UNIONS STRIKE AS CALIFORNIA COMPLETES DEVELOPMENT PROJECTS
Despite calls for safety regulations and labour reforms, the Californian government pressed ahead with its economic projects, requisitioning the necessary materials and providing sufficient funds to finish rehabilitating the port of Oakland and construct integrated rail systems throughout the Sacramento valley. After dozens more tragic deaths during construction, and without any response from the government, unions felt they had no choice but to call a general strike, halting progress on both projects. Union strikes were lifted after the close elections hurt the ruling governments mandate, and the port of Oakland was finished before the end of the year though much of the rail system is yet to be finished, and the projects expected completion will be next year barring any further strikes.
(California: -Stability)
DEMONSTRATION TURNS INTO STANDOFF IN MEXICAN TEXAS
A group of Texans participated in an elaborate demonstration of disobedience this year, flaunting weapons in a major Texan city, claiming that Mexican oppression and exclusion has gone on long enough. The demonstrators crowded several city blocs wearing exaggerated Texan dress and bearing many cultural relics of their peoples history, including large hats of the cowboy and small ties, among other artifacts. Initially Mexican police entirely ignored the demonstration as some kind of cultural festival, until demonstrators begun revealing fire arms and made a makeshift firing range, which they claimed to be part of their cultural heritage.
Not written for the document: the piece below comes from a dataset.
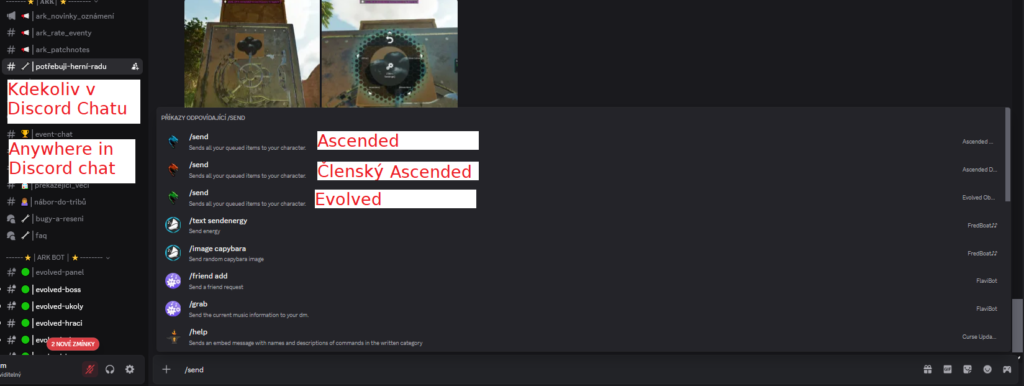 Pokud vám bot napíše že vás nemohl najít online ve hře, použíjte příkaz /send až budete online na serveru. Vybere vždy správného bota kterému příkaz pošlete.

Fearful of a potential riot, police moved to isolate the crowd, however unintentionally caused a tense standoff between dozens of armed indigenous demonstrators and he police, lasting an hour as the demonstrators dug into their position. When the Mexican police backed off the Texans began shouting about the Alamo and claimed that this was the first victory on the road to autonomy and recognition. Mexican authorities in the region have known locals to own guns, but were surprised by the sheer number of Texans who showcased guns in solidarity after the demonstrations, and provincial leaders have been asking the government for resources to begin a crackdown, fearing a potential upsurge in violent crime.
SOUTH AMERICAN NEWS
VENEZUELAN MILITARY TAKES OVER CIVILIAN GOVERNMENT
Having witnessed the fall of their expansive domain at the hands of an incompetent civilian government, a military coup has taken place in Venezuela, led by the army, which occupied the capital and has assumed the role of government this year. Riots and protests erupted across the country after the peace treaty was signed, from separatists in the Antilles, to workers and liberals in Venezuela and Colombia proper. The military, seeing its role as stabilizing the socialist political order, stepped in as interim government though no one is sure for how long. Curfews and brutal police suppression of protests effectively reverted the instability caused by the initial shock of the peace deal, however the military will have a tough future also returning the country to economic recovery with the loss of much of its land and resources.
(Venezuela: +Stability)
COMMUNISTS MAKE ADVANCES IN SAO PAULO CIVIL WAR
Though overall the Workers Federation of Sao Paulo has made more progress towards ending the civil war than the white army this year after two somewhat successful campaigns in the west and north, a well-orchestrated push against Brasilia and its southern townships has brought a major industrial centre into the control of the whites. During the first half of the year the red army advanced on the western held territories adjacent to the Gaucho Republic, successfully acquiring territories up to the Parana River before which artillery volleyed against scurrying enemy units under the direct attack of the red armoured division and its backup. However in the first months of this plan the whites mounted their only major success in the war, a combined three way assault on Brasilia and its surrounding territories. It seemed that most of the white forces were dedicated to the attack, which caught the communists northern divisions by surprise with fire behind their positions, undermining their push into the western region. Red forces were redirected and completion of the western attack stalled, and by midyear Brasilia and the immediate defensive positions around it were lost. Cut off from the main white army, the communists finished off the western region before the end of the year with ease, while the whites sacrificed multiple divisions there to instead dig in for what they presumably predict to be a major counter-offensive in this coming year. Though much military hardware has fallen behind enemy lines, WFSP initiatives to collectivize equipment on their own side have succeeded in partially replenishing their stocks.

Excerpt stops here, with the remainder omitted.